◆ **Task item**:
All of the records below need to be written out exactly, but without the pictures.

◆ **Raw data**:
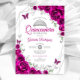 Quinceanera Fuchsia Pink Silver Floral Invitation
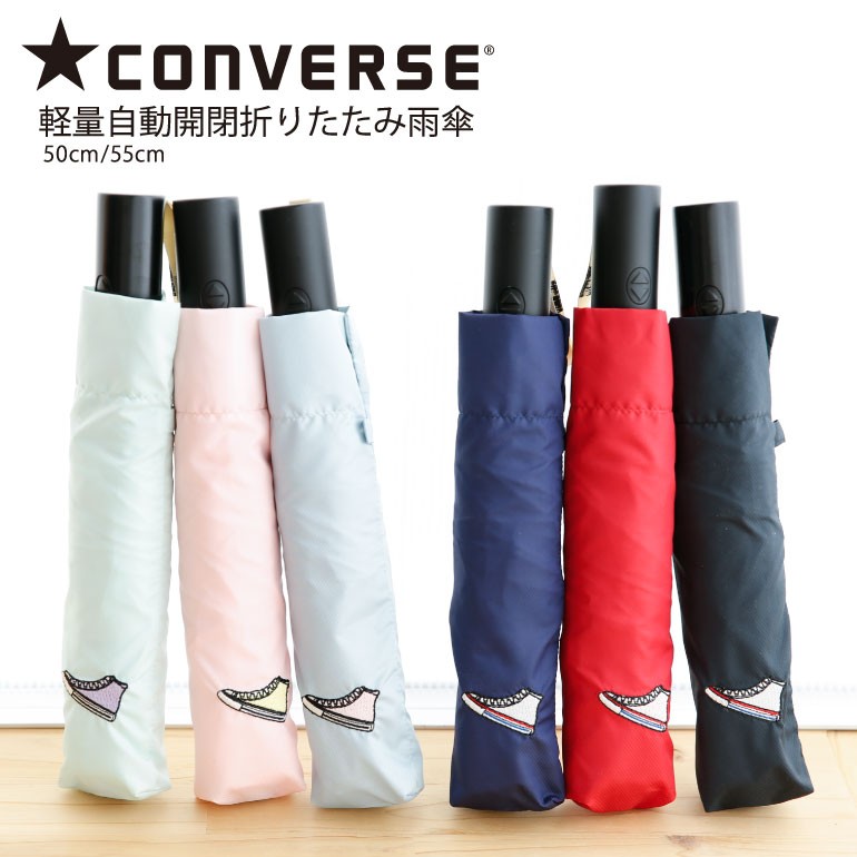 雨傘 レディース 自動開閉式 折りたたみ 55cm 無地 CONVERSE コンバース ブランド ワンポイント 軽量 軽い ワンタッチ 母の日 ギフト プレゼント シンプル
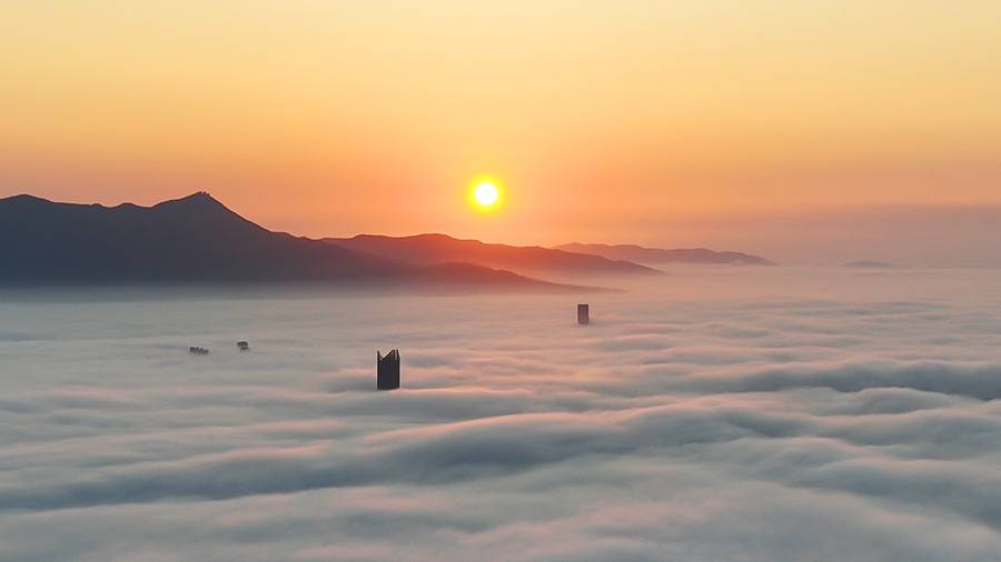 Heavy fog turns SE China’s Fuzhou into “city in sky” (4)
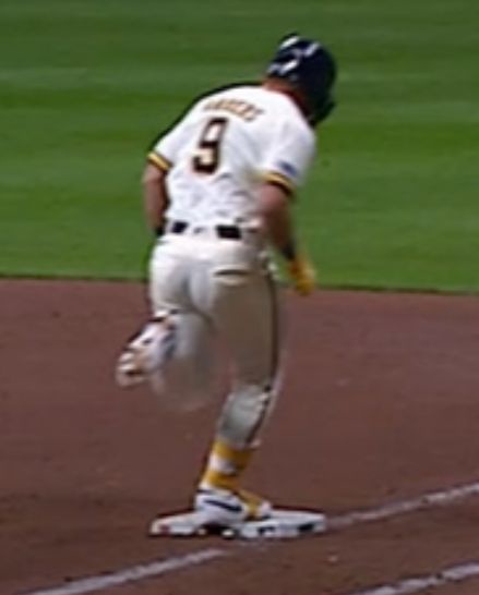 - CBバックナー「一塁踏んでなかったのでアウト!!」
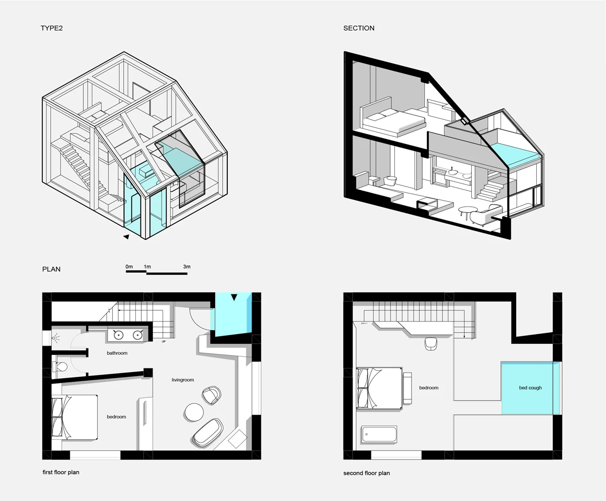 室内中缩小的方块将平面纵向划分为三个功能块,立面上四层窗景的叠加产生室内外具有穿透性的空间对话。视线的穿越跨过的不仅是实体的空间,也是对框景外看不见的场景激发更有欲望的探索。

◆ **Exercise result**:
 Quinceanera Fuchsia Pink Silver Floral Invitation
 雨傘 レディース 自動開閉式 折りたたみ 55cm 無地 CONVERSE コンバース ブランド ワンポイント 軽量 軽い ワンタッチ 母の日 ギフト プレゼント シンプル
 Heavy fog turns SE China’s Fuzhou into “city in sky” (4)
 - CBバックナー「一塁踏んでなかったのでアウト!!」
 室内中缩小的方块将平面纵向划分为三个功能块,立面上四层窗景的叠加产生室内外具有穿透性的空间对话。视线的穿越跨过的不仅是实体的空间,也是对框景外看不见的场景激发更有欲望的探索。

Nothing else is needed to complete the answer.